Records drawn from a dataset:
####################
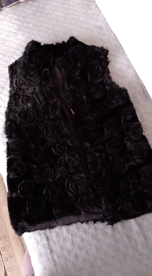Fitted kesim, kürk detaylı siyah kadın yelek. Notch yaka ve desenli dokusu ile gotik tarzda, midi boy ve kolsuz tasarım. el yapımı özel tasarim
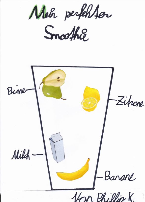 Und so gestalteten unsere SchülerInnen zunächst ihren perfekten Smoothie mit ihren Lieblingszutaten auf Papier und dann ging es ans praktische Arbeiten. Jeder konnte sich die Zutaten selbst
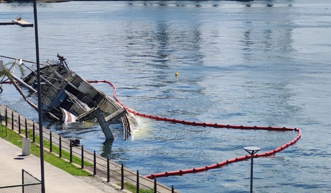 ​Impedida de acionar bombas por falta de energia, embarcação histórica que deveria virar museu aderna no Porto após sofrer com as chuvas e o descaso institucional.
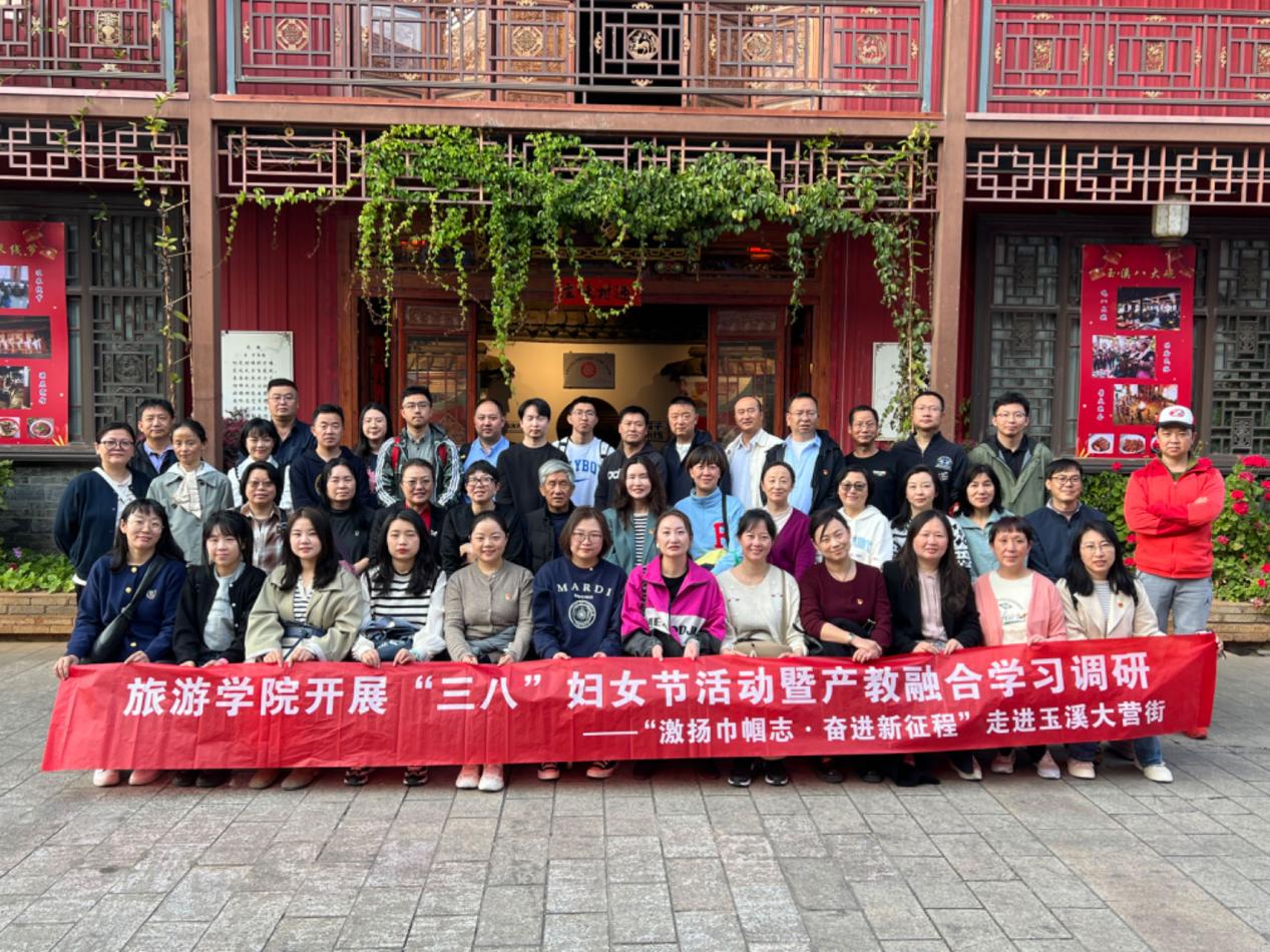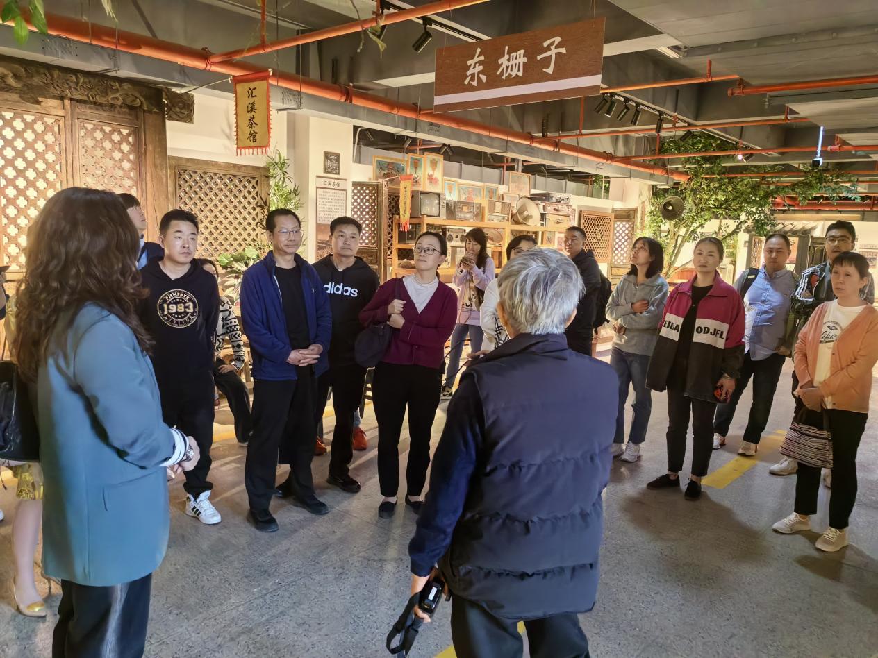 太阳成集团tyc122cc全体教职工来到云南第一村——玉溪大营街社区,开展饮食文化和乡村旅游发展与融合调研。在参观了大营街社区展览馆、了解社区发展变迁后,全体教职工与大营街社区党委班子成员、企业家开展座谈交流。大营街社区党委孙副书记介绍了社区经济发展、社区治理、文旅发展等情况,公司经理、党委副书记田芙蓉,围绕大营街发展饮食文化旅游以带动经济,与大营街社区负责人和企业家进行沟通交流,并就推进现代旅游餐饮产业公司建设与企业家进行合作洽谈。会后,全体教职工参观了汇溪生态记忆馆等文旅空间。
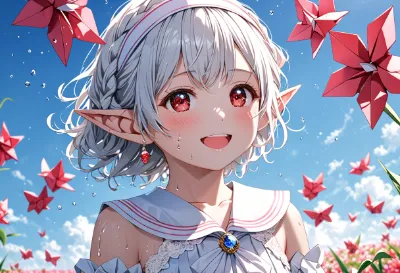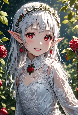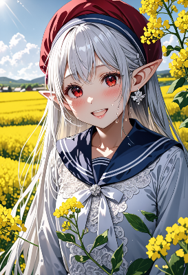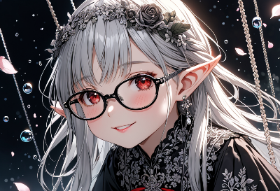 わあ、この画像、とってもかわいいエルフの女の子がカップケーキを持ってるのね!白い冬服に長い銀髪、赤い目がキラキラしてて、夕焼けの空に浮かぶ泡が夢みたいで心が温かくなるわ。色彩が鮮やかで、細部まで丁寧に
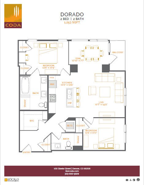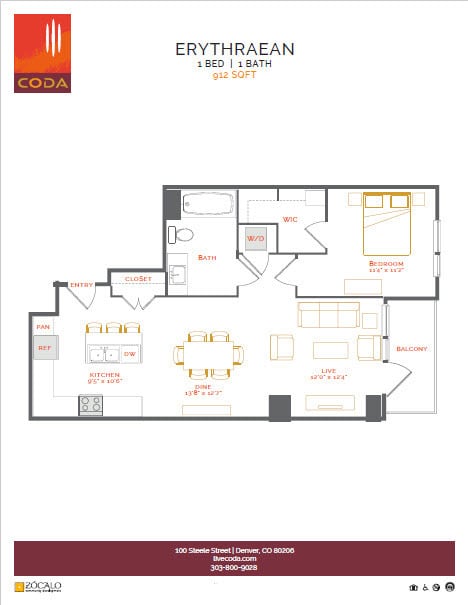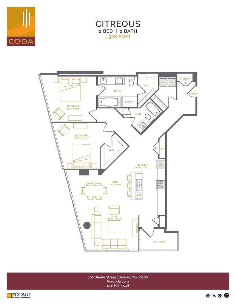 Coda se encuentra en el Barrio Cherry Creek y el código postal 80206 de Denver, CO. Esta comunidad está gestionada profesionalmente por Zocalo Community Development 1
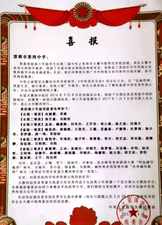 邯郸市四中继承办第二届中华之星国学大赛决赛后,今又传来获奖喜讯,有11位同学获得国家级奖励,42位同学获得省级奖励,并有11位老师荣获“优秀辅导教师”称号。‹点击详情› -
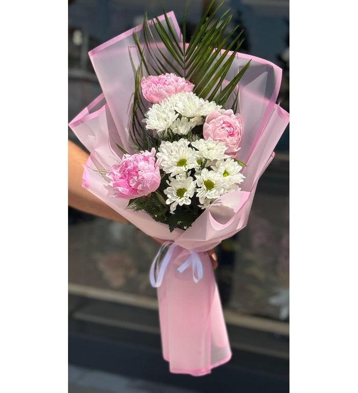 Gösterişli pembe şakayıklar ile masumiyetin sembolü papatyaların bir araya geldiği bu buket, hem romantik hem de içten bir hediye arayanlar için hazırlandı.
####################
## ACTIVITY
Transcribe only this stretch of the data: the line with "わあ、この画像、とってもかわ", the line with "邯郸市四中继承办第二届中华之", and every line in between. Leave out the pictures.

## EXPECTED ANSWER
 わあ、この画像、とってもかわいいエルフの女の子がカップケーキを持ってるのね!白い冬服に長い銀髪、赤い目がキラキラしてて、夕焼けの空に浮かぶ泡が夢みたいで心が温かくなるわ。色彩が鮮やかで、細部まで丁寧に
 Coda se encuentra en el Barrio Cherry Creek y el código postal 80206 de Denver, CO. Esta comunidad está gestionada profesionalmente por Zocalo Community Development 1
 邯郸市四中继承办第二届中华之星国学大赛决赛后,今又传来获奖喜讯,有11位同学获得国家级奖励,42位同学获得省级奖励,并有11位老师荣获“优秀辅导教师”称号。‹点击详情› -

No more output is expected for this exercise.